Élisabeth Borne, ministre chargée des transports. Monsieur le député, vous avez interrogé M. le ministre de l'économie et des finances, mais le risque minier relève du ministère de la transition écologique et solidaire.
M. le ministre de la transition écologique et solidaire est pleinement conscient des responsabilités de l'État dans la gestion des risques miniers après la fin de l'exploitation. Le ministère de la transition écologique et solidaire consacre ainsi, chaque année, près de 40 millions d'euros à la réparation des dommages miniers et à la prévention des risques miniers, qu'il s'agisse de surveillance ou de travaux de mise en sécurité.

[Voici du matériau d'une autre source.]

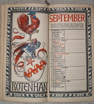 Das nächste Beispiel stammt vom Künstler Georg Otto aus dem Jahr 1916. Prinzessin Victoria Margarethe Elisabeth Marie Adelheid Ulrike von Preußen (17.4.1890-9.9.1923) hat Heinrich XXXIII. Prinz Reuß-Köstritz (26.7.1879-15.11.1942) geheiratet. Der Wappenschild des fürstlichen Hauses Reuß ist sowohl hinsichtlich der Blickrichtung der Feldinhalte als auch hinsichtlich der Anordnung der Felder, also komplett, gewendet.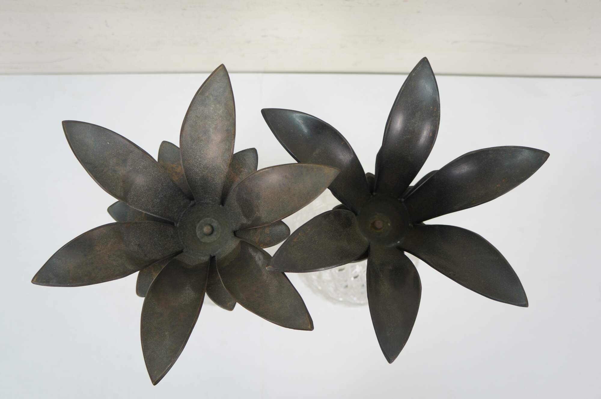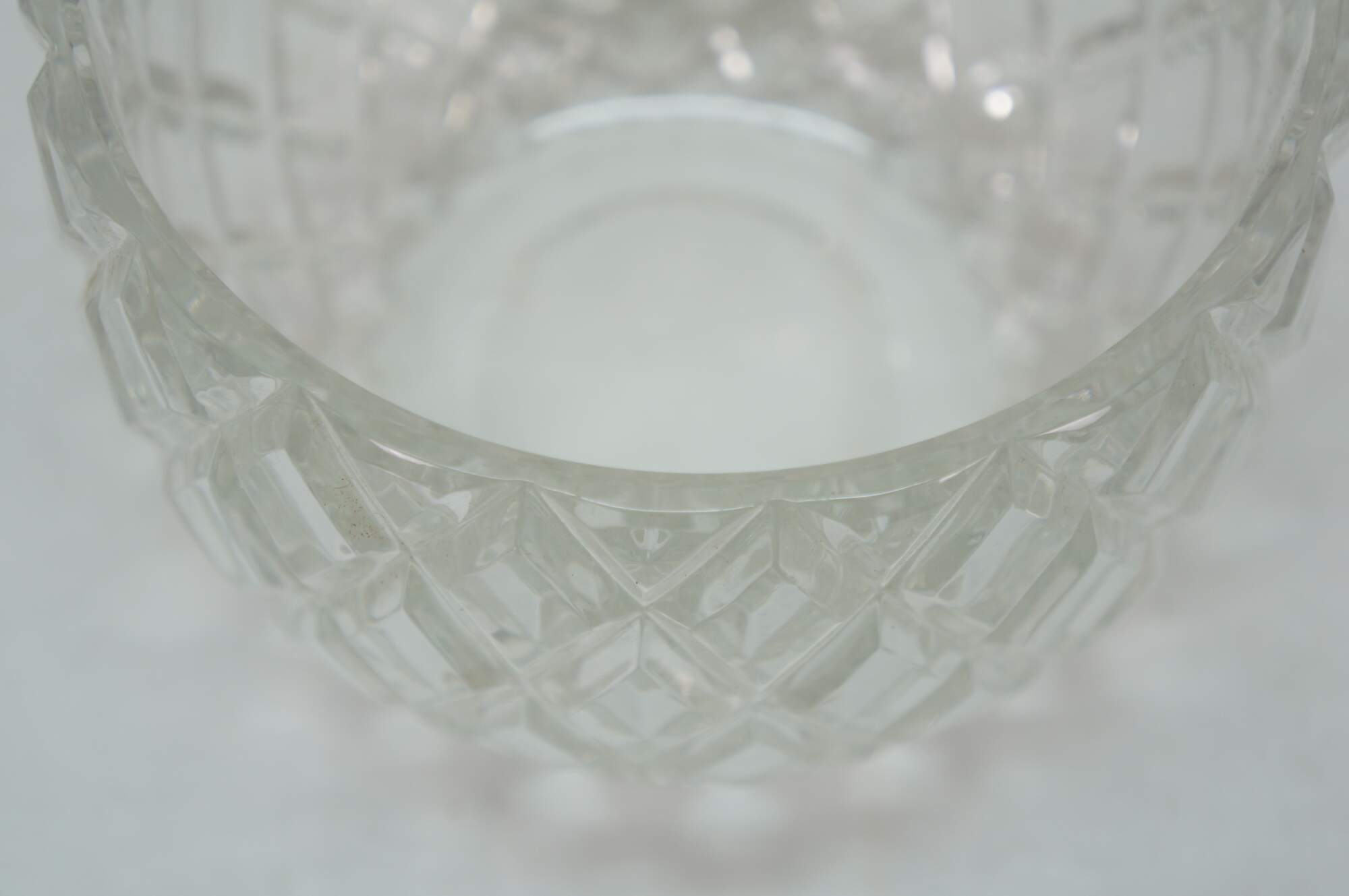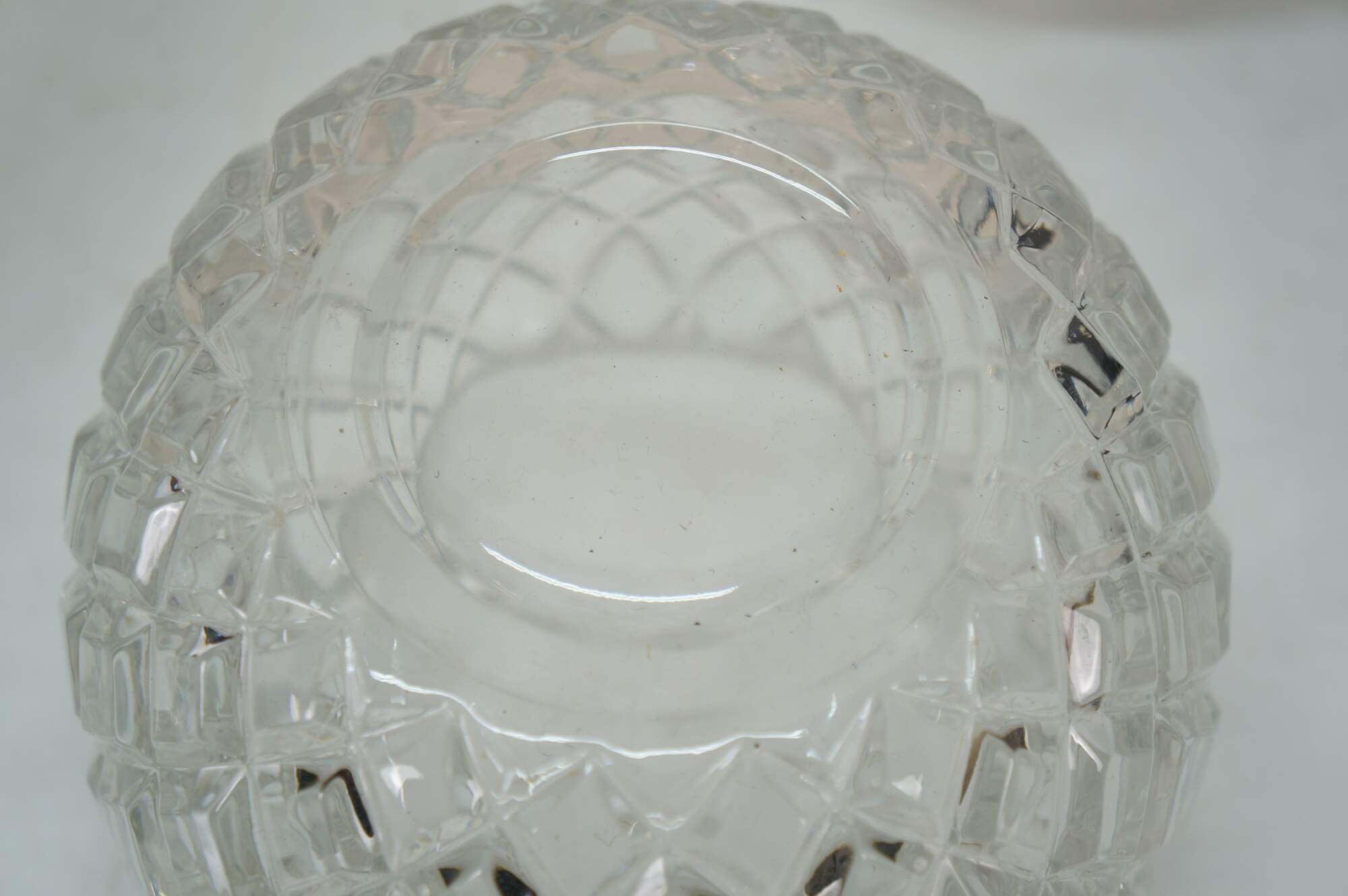 Pair of late 20th century diamond pattern cut crystal lidded jars / containers / mantel urns or compotes in the shape of pineapples with dark bronze leaves. Castilian Imports of Poland.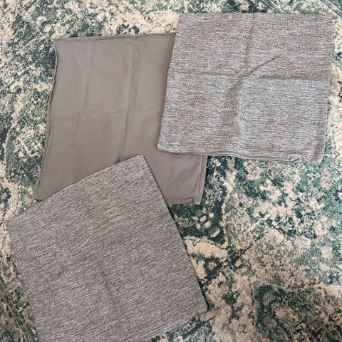 3kpl tyynynpäällisiä. Yksi hopeinen paljetti, musta kuvioinen ja vaaleanharmaa jossa valkoisia palloja(tässä tarkasti katsottuna haalea tahra). Kaikki yht 3€.

Concernant plus particulièrement le bassin houiller lorrain, outre l'arrêt de l'exploitation minière, le secteur connaît depuis le début des années 2000 une baisse significative du taux de prélèvement dans la nappe des industries et des collectivités. La remontée constatée de la nappe, qui tend à retrouver son niveau naturel, n'a donc pas pour seule origine l'ancienne exploitation minière. Cependant, pour faire face à ce phénomène, l'État a, depuis 2009, entrepris et financé des travaux de pompage et de traitement des eaux pour un montant de 7,4 millions d'euros.
L'État effectue également la surveillance, au travers d'un réseau de piézomètres, du secteur ouest du bassin houiller lorrain, qui est le plus immédiatement touché par la remontée de nappe. Par ailleurs, dans ce secteur, les zones affaissées à la suite de l'exploitation minière ne sont pas les seules concernées par le risque d'inondation. C'est pourquoi l'État a prévu de recourir à l'établissement d'un Plan de prévention des risques d'inondation – PPRI – sur l'ensemble du bassin houiller lorrain, qu'il s'agisse de zones affaissées ou non affaissées, et quel que soit le type d'inondation, par débordement ou par remontée de nappe.
La prescription de ce PPRI ne remet pas en cause la responsabilité de l'État en matière d'après-mine. Par conséquent, concernant spécifiquement les zones affaissées à la suite de l'ancienne exploitation minière, et même en l'absence de Plan de prévention des risques miniers, si des mesures de prévention collective s'avèrent nécessaires pour éviter un dégât d'origine minière, elles continueront à être mises en œuvre et financées par l'État au titre de l'après-mine.
En dehors de ces cas de prévention liée à l'activité minière passée, l'avantage d'établir un PPRI réside dans l'éventuelle intervention du Fonds de prévention des risques naturels majeurs – FPRNM – qui ne peut s'envisager que dans le cas d'un risque naturel, défini à l'article L. 562-1 du code de l'environnement, dont les inondations font partie.
Ainsi, l'État assume déjà pleinement sa responsabilité en matière d'après-mine. Il prend et continuera à prendre les mesures nécessaires pour faire face au phénomène d'inondation en zone affaissée, même si celui-ci n'est pas exclusivement d'origine minière. Quant aux mesures qui pourraient être prescrites aux particuliers, notamment aux habitants de Rosbruck, pour faire face au risque naturel d'inondation, il est important de préciser que leur coût ne peut dépasser 10 % de la valeur vénale des biens concernés.
Par ailleurs, l'État, via le FPRNM, pourra participer au financement de ces mesures à hauteur de 40 % pour les biens à usage d'habitation ou à hauteur de 20 % pour les biens utilisés dans le cadre d'activités professionnelles pour les entreprises de moins de vingt salariés.